Minesweeper is the basic underlying concept for the proposed StrokeNet Thrombectomy Endovascular Platform (STEP) Platform. “We are using big data to estimate group level variability across many factors. We do this through hierarchical models and adaptive decision rules to respond to big data to allocate patients to the treatment we currently believe best fits. Finally, we use master protocols and data registries to manage big data in a cohesive and seamless manner.

“For the STEP trial for stroke, we are targeting 50,000 patients,” she said.

This platform illustrates the beauty of big data, she said. “If we want to create a risk surface that accounts for all of the risk factors (time, penumbra, vessel size, deficit, core, age and eloquence) so we can come up with a personalized approach to treatment, you end up needing a great number of subjects to cover the entire risk surface.”

Where the older approaches would have offered incremental expansion or megatrials, the newer approach uses an adaptive mechanism where you can iteratively change the allocation ratio up or down as you learn more in the trial, she said.

As a reality check on big data, Marco V. Perez, MD, from Stanford Medicine in California, described big shifts thanks to big data from his research of machine learning and other techniques.

“The paradigm shift is we are now able to collect many more data points per sample. A very good example of this is genomic data,” he said. “Today, when we do a genomic analysis, we are able to collect many genomic data points per person.”

There are other sources of big data, including electronic medical records, continuous monitoring and wearables, he said.

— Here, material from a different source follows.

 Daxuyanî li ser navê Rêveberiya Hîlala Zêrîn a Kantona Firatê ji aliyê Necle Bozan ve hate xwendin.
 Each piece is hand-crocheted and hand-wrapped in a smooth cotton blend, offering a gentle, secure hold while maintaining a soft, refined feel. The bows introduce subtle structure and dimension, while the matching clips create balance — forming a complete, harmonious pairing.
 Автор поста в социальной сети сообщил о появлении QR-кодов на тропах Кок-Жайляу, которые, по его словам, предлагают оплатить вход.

“Wearables are going to create a lot of big data. A quarter of the population will have some kind of wearable in the U.S. by 2022. With wearables, you can measure data continuously , such as heart rate data for months to years.”

How do we go about analyzing this data? He identified different approaches, including neural networks, data clustering and data reduction.

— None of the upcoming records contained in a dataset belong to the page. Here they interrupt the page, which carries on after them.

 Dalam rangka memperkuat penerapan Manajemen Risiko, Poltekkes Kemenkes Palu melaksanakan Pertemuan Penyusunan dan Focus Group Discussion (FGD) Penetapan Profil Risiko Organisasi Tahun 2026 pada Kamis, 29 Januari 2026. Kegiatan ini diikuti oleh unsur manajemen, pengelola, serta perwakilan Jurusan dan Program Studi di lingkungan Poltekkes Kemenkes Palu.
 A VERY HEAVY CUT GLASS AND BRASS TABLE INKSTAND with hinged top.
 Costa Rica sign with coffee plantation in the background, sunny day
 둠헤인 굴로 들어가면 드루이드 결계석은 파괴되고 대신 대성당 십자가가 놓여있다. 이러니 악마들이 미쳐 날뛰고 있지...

“Neural networks are really valuable when you are looking at complex and nonlinear relationships. These do really well when you have large datasets and multiple covariates; they handle missing data quite well. It just uses brute computational force to figure what the relationships are.”

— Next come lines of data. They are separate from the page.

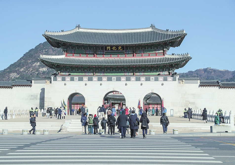 12月4日,游客在韩国首尔的光化门广场前游览。新华社记者 姚琪琳 摄
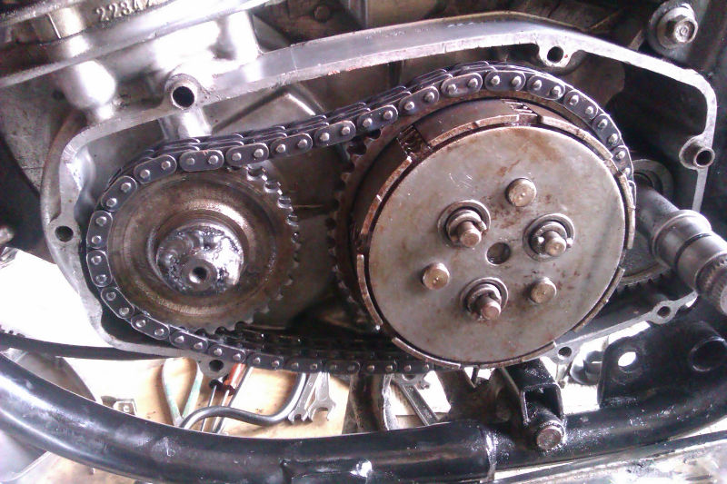 Цепь на 638 двиге, все же можно заменить, не снимая звезду. Нужно прокручивать двигатель, заправляя наискосок, сначала один ряд цепи а потом второй.
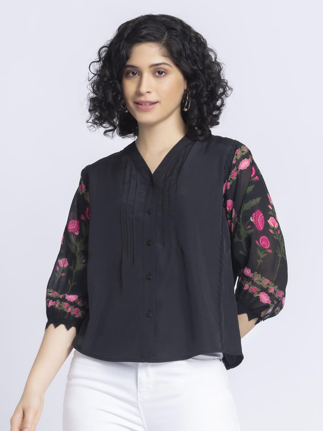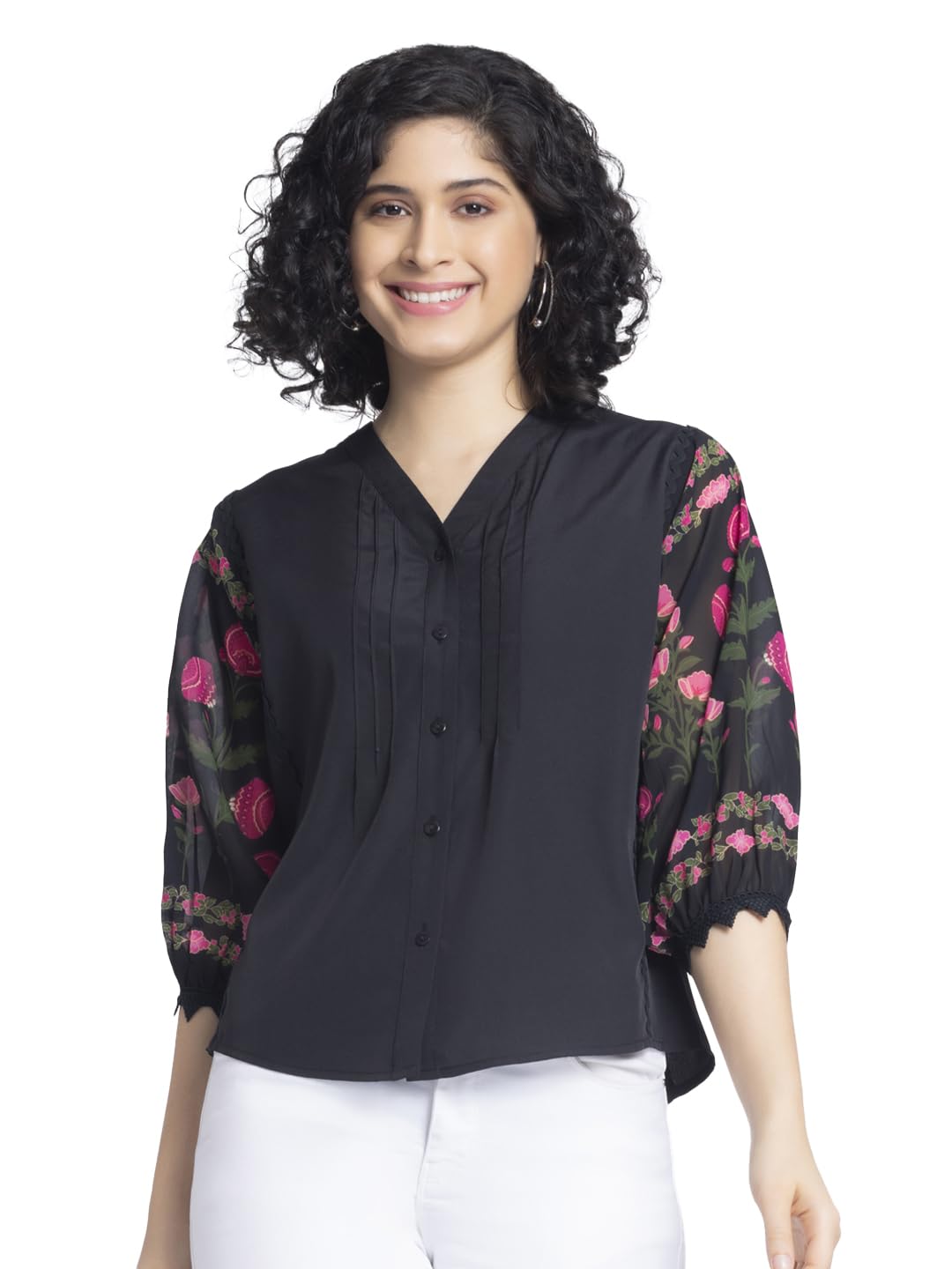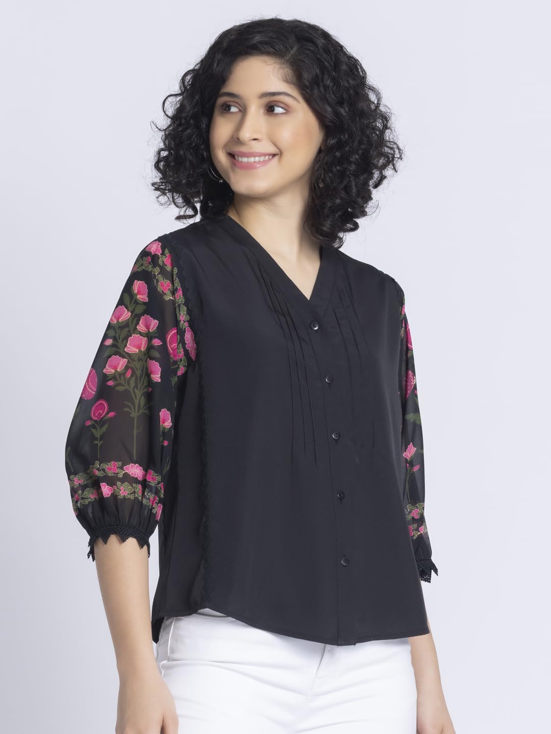 - Black floral print v-neck three-quarter sleeves button down top has lace detail at front and sleeves with gathers detail at sleeves

He identified big data’s primary challenges. “When you are extracting a large amount of data, often you don’t have time to go through and carefully make sure that your data is well classified. You do not have time to curate all of your data. In other words, garbage in, garbage out.”

He said you can overcome this misclassification by increasing the sampling size and frequency. With algorithms, you can then perform a form of signal averaging to find where the signals are amid the noise and if there is a signal there.

Other criticisms of big data include not really knowing and trusting what the algorithms are doing with the data, it can be resource intensive and it can require a great deal of technical expertise.

“The advantages of big data and machine learning algorithms are that they do really well at finding patterns and trends, identifying interactions between data elements that traditional regression analysis has a tough time with, and it handles awkward data well.”

Perez recommended using big data for large numbers of covariates, especially if you have more covariates than you have samples and if you are looking for patterns in complex data.

He discouraged the use of big data when regression/classic modeling is sufficient or when you are trying to understand physiology or epidemiology.

“Datasets are getting much bigger. Traditional statistical tools are not sufficient anymore. We do need new approaches to analyze massive datasets with lots of covariates,” he said. “But we must be cautious because there are pitfalls in analyzing big data with machine learning approaches.”